The album was actually recorded two years ago, in August 2008, not long after Gully was released.

"He came to us and said, 'I need to make this record now. I don't care how long it takes to come out'," Powell remembers.

"Therapy's not the right word, but it was something I needed to do then," Jungklas says. "It wasn't something I could wait six months to do."

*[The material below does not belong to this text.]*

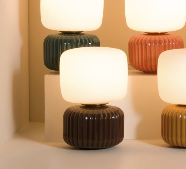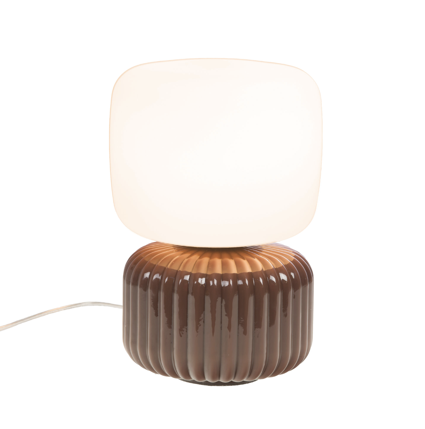 Lampe de chevet "Ninon marron" alliant verre opalin et base en céramique nervurée couleur marron.

In order to capture the power and immediacy of Jungklas' songs, Powell proposed a bold, unusual recording process, gathering musicians who had Jungklas' trust (in addition to Selvidge and Kirkscey, drummers Robert Barnett and Harry Peel, guitarist John Whittemore, and bassist Sam Shoup play on the record) in the studio, with very little preparation.

"We went into Ardent. We got everybody on the floor, all in one big room," Jungklas remembers. "I'd run the song once, and then we'd go. Let it bleed — sonically there's a lot of bleed. But emotionally it was the perfect way to jump in. You can hear people — and feel people — trying to carve out their place in the track, reacting off me and reacting off each other. And, of course, all these players are adept enough to pull that off."

"This is the great thing about Memphis," says Powell, who produced, engineered, and mixed the record. "Rob would play it through once and everyone had a little legal pad to jot down [charts] — intro, verse, chorus, whatever. At one point, I looked at Steve [Selvidge's] notepad and it had a picture of a cow or something. He didn't even write down the chords. These guys were just listening to each other."